* _Your task_
After locating the line with "EL: I collect" below, output it and each following line exactly, stopping after the line with "Попробуйте карамель Chupa". No pictures.

START Records provided

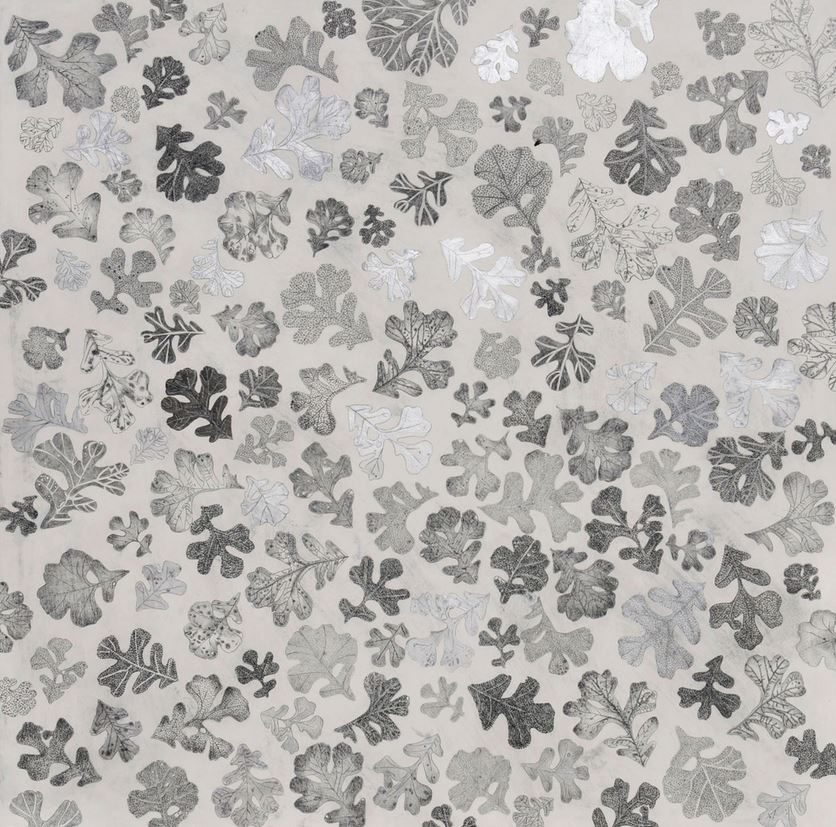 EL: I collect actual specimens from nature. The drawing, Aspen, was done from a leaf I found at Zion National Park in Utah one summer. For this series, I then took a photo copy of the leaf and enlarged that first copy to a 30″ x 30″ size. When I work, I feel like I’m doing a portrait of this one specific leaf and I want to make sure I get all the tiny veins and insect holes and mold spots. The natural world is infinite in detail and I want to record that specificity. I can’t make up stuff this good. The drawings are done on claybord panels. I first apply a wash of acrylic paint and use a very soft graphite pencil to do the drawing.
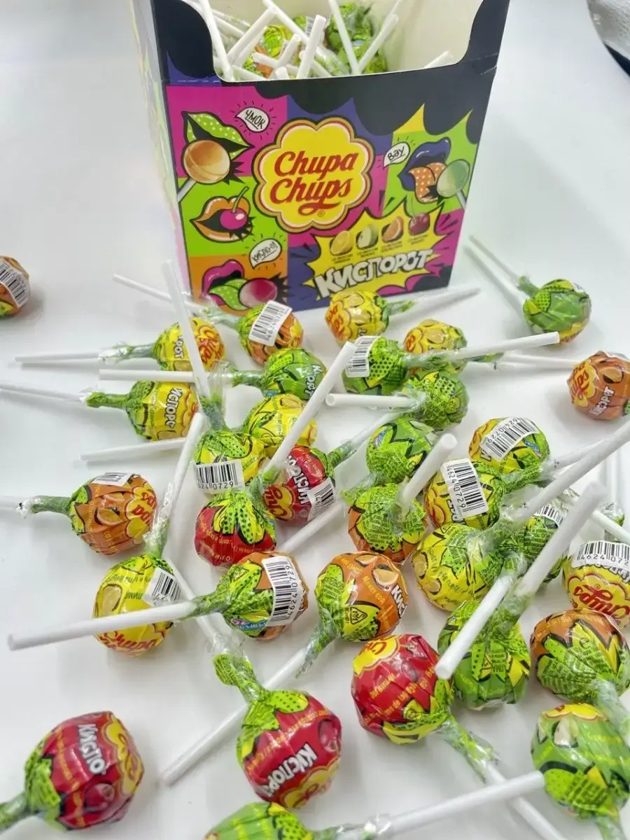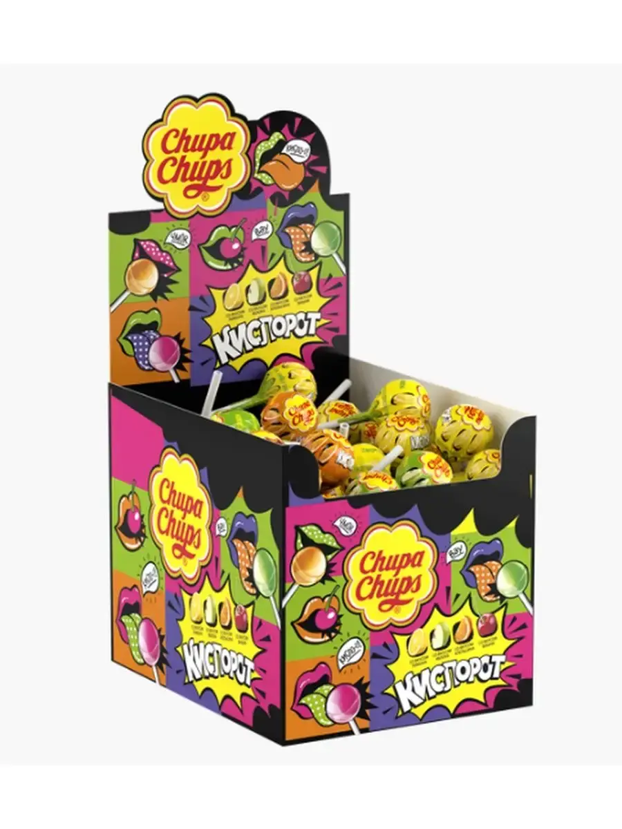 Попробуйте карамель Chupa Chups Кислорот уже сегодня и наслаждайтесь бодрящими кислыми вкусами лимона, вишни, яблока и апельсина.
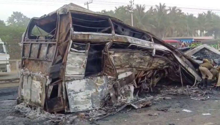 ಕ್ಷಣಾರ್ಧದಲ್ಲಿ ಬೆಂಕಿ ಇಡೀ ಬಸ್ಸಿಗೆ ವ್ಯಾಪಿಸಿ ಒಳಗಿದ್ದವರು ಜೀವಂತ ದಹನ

END Records provided
START Records provided

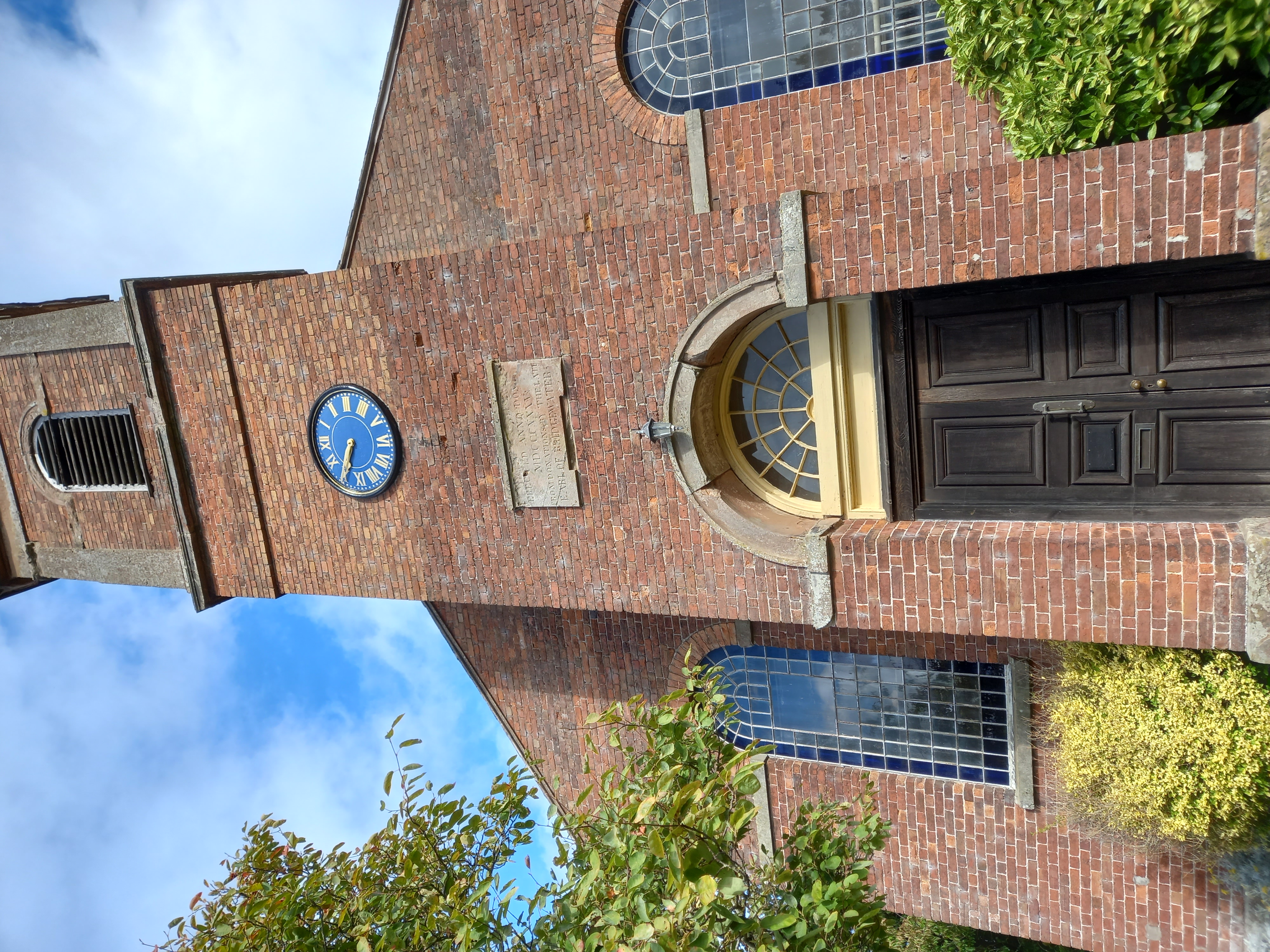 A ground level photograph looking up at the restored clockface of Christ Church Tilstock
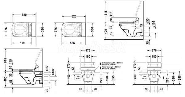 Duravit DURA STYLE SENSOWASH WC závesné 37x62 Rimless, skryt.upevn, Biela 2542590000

END Records provided

* _Solution to this exercise_
 EL: I collect actual specimens from nature. The drawing, Aspen, was done from a leaf I found at Zion National Park in Utah one summer. For this series, I then took a photo copy of the leaf and enlarged that first copy to a 30″ x 30″ size. When I work, I feel like I’m doing a portrait of this one specific leaf and I want to make sure I get all the tiny veins and insect holes and mold spots. The natural world is infinite in detail and I want to record that specificity. I can’t make up stuff this good. The drawings are done on claybord panels. I first apply a wash of acrylic paint and use a very soft graphite pencil to do the drawing.
 Попробуйте карамель Chupa Chups Кислорот уже сегодня и наслаждайтесь бодрящими кислыми вкусами лимона, вишни, яблока и апельсина.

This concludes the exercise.